Collier’s Quick Hits | Aaron Jodka
The commercial real estate investment sales sector was up from January, but continues to see major headwinds with rising rates and an uncertain economic future. Office remains the weakest sector while retail led all asset classes, with more than $9.1 billion in volume in February. The hesitancy of both buyers and sellers translated to a 53% drop in overall deal volume year-over-year. No doubt the recent volatility in the banking industry has had significant effects on the capital markets, further exacerbating the pain seen in the commercial real estate sector.
The Numbers By Asset Class
Office volume continues to struggle. CBD activity failed to top the $1 billion mark for the second month in a row and the first time since 2010. MSCI notes pricing is down 2.2% over the past year, though recent cap rate movement would suggest a far more rapid price adjustment. CBD cap rates are up 70 basis points over the past year. In addition, some recent high-profile loan defaults suggest future recapitalizations will follow in the months ahead.
The largest deal of the month was Hyundai Motor Group’s acquisition of 13-17 Laight Street in Manhattan’s Tribeca neighborhood. Hyundai will use the building for new office and showroom space. It paid $273.5 million for the 108,000-square-foot property ($2,532 per square foot).

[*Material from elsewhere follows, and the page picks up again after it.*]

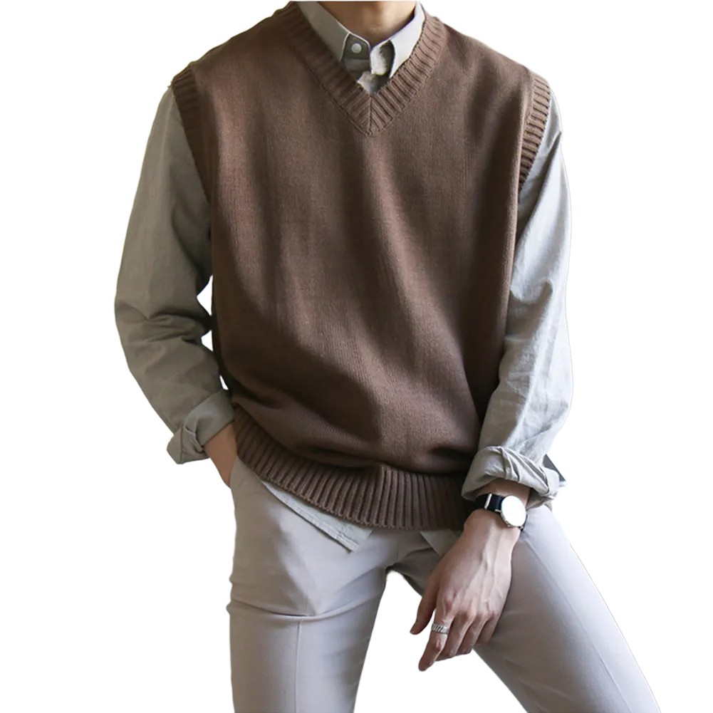 Gilet pull tricoté homme sans manches col v coupe ample style coréen débardeu

Industrial volume increased 63% from January and returned to volume reminiscent of 2015-2018 monthly figures. The STORE Capital REIT deal drove some of this past month’s activity, propping up those numbers. Pricing is up on a year-over-year basis, but month-to-month trends indicate that it is beginning to adjust. MSCI reports a 4.4% annual drop based on January to February pricing.
The largest non-privatization deal of the month was CBRE Investment Management and GPIF’s acquisition of 300 Westmont Drive in Los Angeles for $1.1 billion. The 1.8 million-square-foot, four-property deal traded at $604 per square foot.
Multifamily sales volume is slowing quickly. In February, $4.8 billion traded, the lowest monthly total since February 2012. Multifamily fell to the third most heavily traded asset class in the month for the first time since January 2015. It is uncommon for multifamily to rank outside of the top two in any given month. MSCI’s repeat sale index shows an 8.7% annual price decline, the sharpest of any asset class.
The largest transaction of the month was Blackstone’s acquisition of the Ellington Midtown from Goldman Sachs in Atlanta for $133 million. The 473 units traded at $281,200 per unit.
Retail was the most heavily traded asset class in February, with $9.1 billion of activity. The take-private deal of STORES Capital REIT largely drove this. Without it, volume would have come in at $2.0 billion and fallen to a similar extent as other asset classes. MSCI is reporting pricing is down 2.2% over the past year, but annualizing monthly price changes would suggest an 11.3% price decline.
The largest deal outside the STORES Capital REIT transaction was Kohan Retail Investment Group’s acquisition of Town Center at Cobb in Kennesaw, GA, for $71 million. Rialto Capital Management sold this asset after the property was foreclosed in 2021.
Hospitality data shows a mixed bag of results. Sales volume was down 53% compared to last year but up month-over-month. MSCI reports the strongest price appreciation of any asset class over the past year at 5.4%. In addition, unlike other asset classes showing price declines when annualizing monthly statistics, hospitality shows a 2.1% gain. Overall, $2.0 billion traded in the month.
The largest asset trade in February was the Curio Diplomat Resort and Spa in Hollywood, FL. The 998-room property sold for $835 million at a reported 7.0% cap rate. This sale continues the trend of high-end properties trading at strong valuations with attractive cap rates.